The bank's governor John Hurley said the two-year scheme to guarantee the country's six main banks was taken to 'to protect the stability of the domestic financial system.'
He said the effect of the disruption in international financial markets on Ireland came to a head last Monday and he told Finance Minister Brian Lenihan the 'supply of funding to the Irish banking system was seriously threatened.'
'I had to inform the minister that the risks to financial stability were becoming unacceptably high with knock-on effects for the wider economy.
'A major consideration was that the highly concentrated nature of the Irish banking system created a high risk of contagion.
'Decisive action to protect the stability of the economy and its financial system was needed,' Hurley said in a statement as the bank issued its quarterly bulletin.
The guarantee scheme has led to protests that it gives Ireland's financial sector a competitive advantage over neighbouring countries.

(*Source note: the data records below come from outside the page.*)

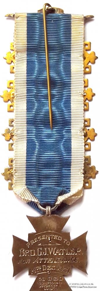 Реверс: гравировка: Presented to Bro. G.J. Watler for Attendance 14 Dec. 1931 – вручён Брату G.J. Watler за посещаемость 14 декабря 1931 года. Клейма: LS L.Simpson&Co, 56 York R № 1, London, g, лев, голова Выпуск: Лондон. Год выпуска: 1931.
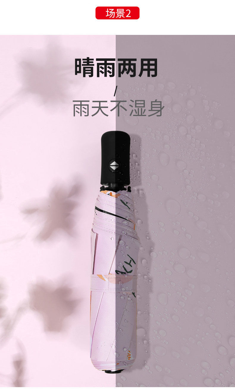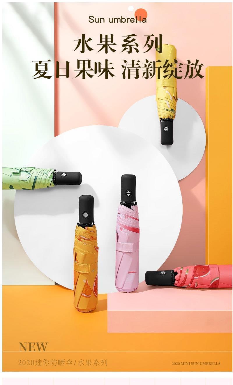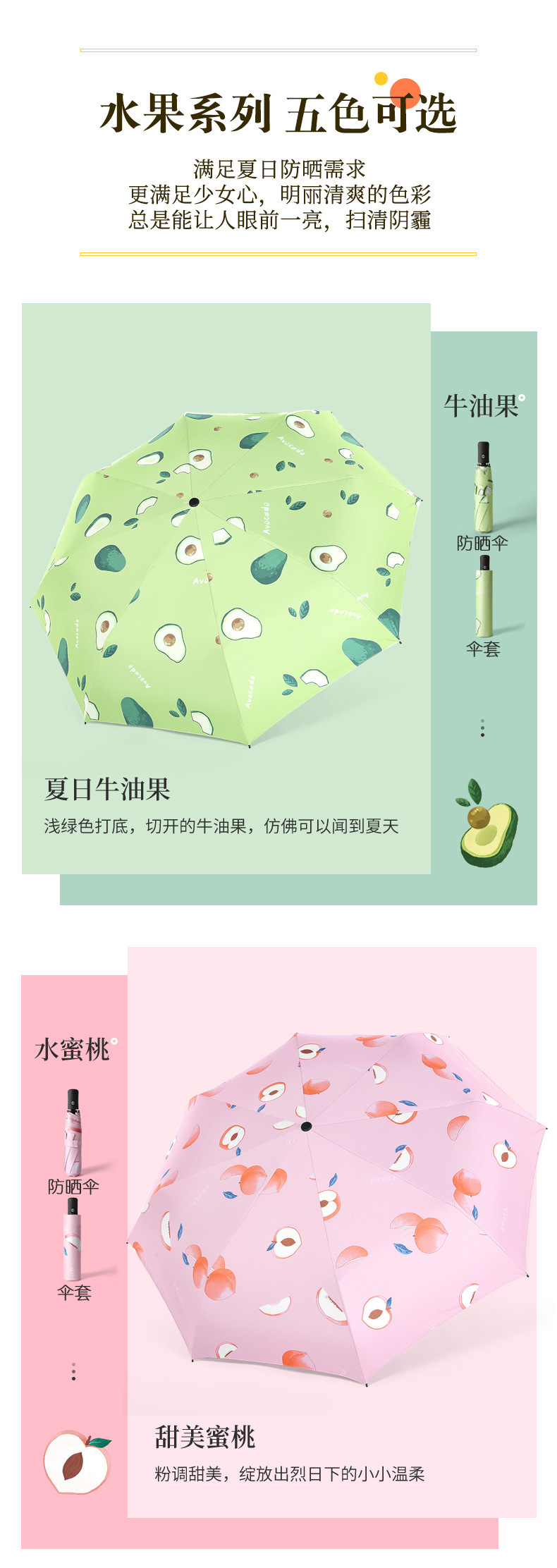 완전 자동 접는 학생 과일 맑고 비오는 우산 검은 고무 햇빛 UV 보호 햇빛 우산 광고 우산스토어 가기
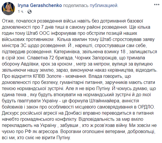 16:24 У Золотого оставила свои позиции 72-я бригада "черных запорожцев", написала в Facebook нардеп от "Евросолидарности" Ирина Геращенко, которая критикует отведение войск.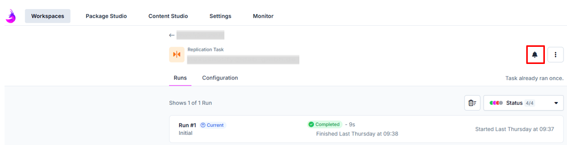 Klicke oben auf Workspaces, klicke in der Auflistung auf einen beliebigen Workspace, klicke in der Taskübersicht auf einen beliebigen Task und dann klick oben rechts in der Aufgabe auf das Glocken-Symbol, sobald der Lauf startet: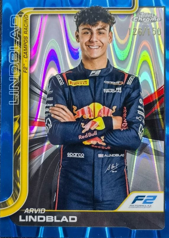 The Arvid Lindblad 2025 Topps Chrome Formula 1 #23 Blue RayWave Refractor /150 card in Raw condition has not changed in price in the last 30 days and was last sold for $12.58 .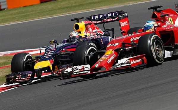 Vettel vinha dos boxes e não tinha os pneus aquecidos. Alonso se aproveitou e passou na pista. Mas Sebastian tinha mais carro. Só faltava concretizar uma ação, uma ultrapassagem. Tocavam pneus, se espremiam, mas a ordem se mantinha. Até que a Red Bull saiu com mais velocidade da Luffield e passou na Copse.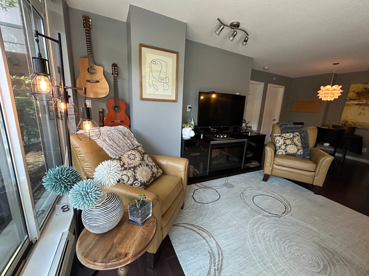 Genieße eine stilvolle Unterkunft in günstiger Lage. Du bist 8 Blocks von Roger's Arena, 6 Blocks vom Skytrain, 3 Blocks von der Seawall und nur wenige Schritte von den coolsten Underground-Bars, angesagten Restaurants, progressiven Kunstgalerien, Musikstätten und dem Nachtleben der Stadt entfernt. Dies ist ein großartiger Ort für einen Feinschmecker, kreativen, Radfahrer oder urbanen Entdecker, der ein einzigartiges Erlebnis sucht. Klimaanlage, voll ausgestattete Küche, sicherer Parkplatz, Waschküche in der Suite, Innenhof, Aufzug, Geschirrspüler, TV, Sonos, Schreibtisch, Ruhe.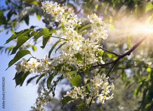 Fototapeta premium Bird cherry branches with white flowers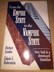 From The Empire State To The Vampire State - New York in a Downward Transition - Herbert London & Edwin S. Rubenstein - University Press of America - İngilizce Kitap (Empire State'ten Vampire State'e - Aşağıya Doğru Bir Geçişte New York), Herbert London & Edwin S. Rubenstein tarafından kaleme alınmıştır. Eser - editörlüğünde hazırlanmıştır. Kitap 1994 yılında University Press of America tarafından [Lanham] yayınlanmıştır. Bu baskının çevirisi - tarafından yapılmıştır. 190 sayfadır. From The Empire State To The Vampire State - New York in a Downward Transition - Herbert London & Edwin S. Rubenstein - University Press of America - İngilizce Kitap (Empire State'ten Vampire State'e - Aşağıya Doğru Bir Geçişte New York) adlı eser İngilizce dilindedir.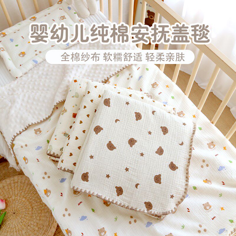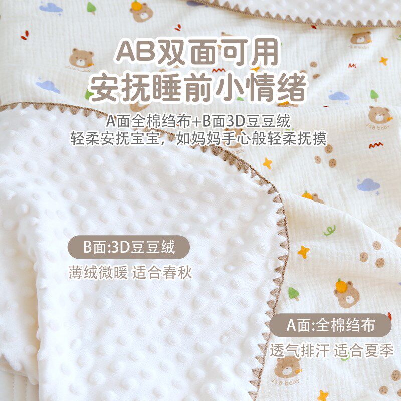 淘宝婴儿盖毯纯棉纱布新生宝宝安抚豆豆毯幼儿园儿童午睡毛毯四季通用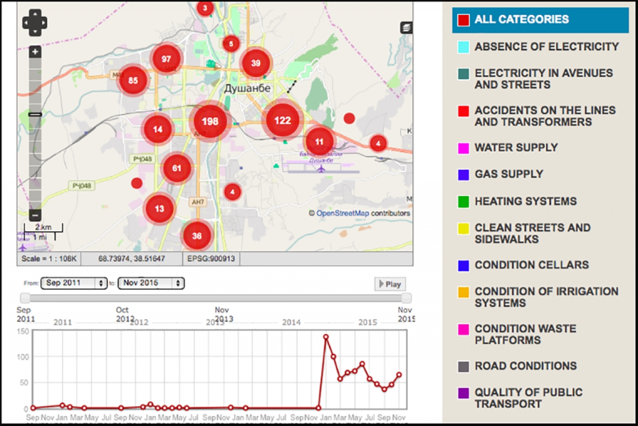 Goals and objectives: The joint innovative solution of the local government (municipality) of Dushanbe city and the Public Fund Civil Internet Policy Initiative aims to improve the quality of municipal service delivery through participation of inhabitants in reporting and mapping municipal services problems and monitoring their improvement through an online interactive platform. The platform, officially launched on 1 February 2012, is available at http://www.mometavonem.tj/php/?l=en_US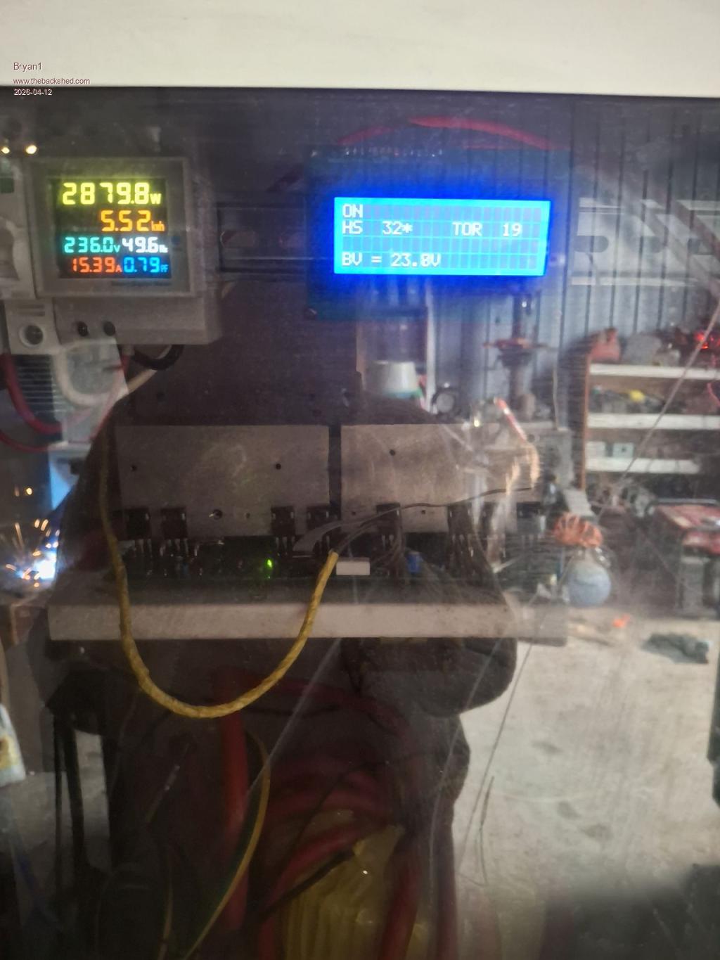 Ok seems I did talk nice enough ![]() ![]() Now of course the fillet weld ![]() Now Vbat 23.95 volts and with a 148 DC current draw 148 x 23.95 = 3544.6 The energy meter 2879.8 So 664.8 watts difference. Also the AC volt voltage dropped to 236 AC volts which is 5 volts under the VFB so much better regulation than with a non resistive load I do think Regards Bryan Edited 2026-04-12 11:33 by Bryan1 |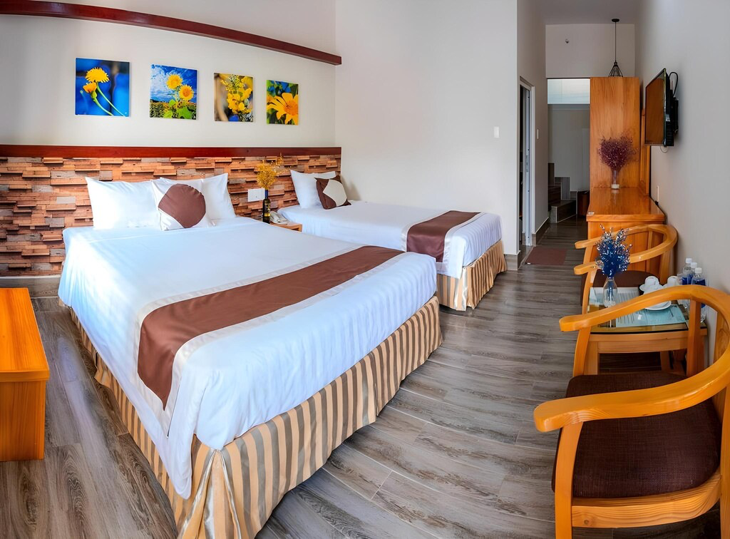Không gian khách sạn sạch sẽ, thoáng mát với phong cách thiết kế ấm cúng. Phòng nghỉ được trang bị đầy đủ tiện nghi cơ bản, phù hợp cho gia đình hoặc nhóm bạn muốn tìm một khách sạn trung tâm với mức giá hợp lý.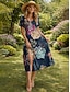Damen Midikleid Shiftkleid Urlaub Lässig Normale Passform Blumen Grafik Böhmische Halbarm Rundhalsausschnitt Blau Orange Grün Beige Sommer Frühling

Britain in particular has argued that the guarantee, covering Ireland's six main banks, is unfair amid fears of a surge in savings from British banks into Irish deposit accounts.
Hurley said the access of the Irish banking system to term funding was affected in a similar way to its international peers with the pressures becoming particularly acute during recent weeks.
This followed 'difficulties in state-sponsored financial institutions, investment and high-street banks both in the US and then Europe, and over the last weekend the failure to pass the US legislation.'
Hurley said the Irish banking system, unlike many of its international peers, has not to date had to write-off significant losses on loans and investments so that bad debts and loan losses were not the key issues last Monday.
The issue was the 'unprecedented shortage of liquidity in financial markets and the urgent need to implement a solution that targeted that issue directly,' he added.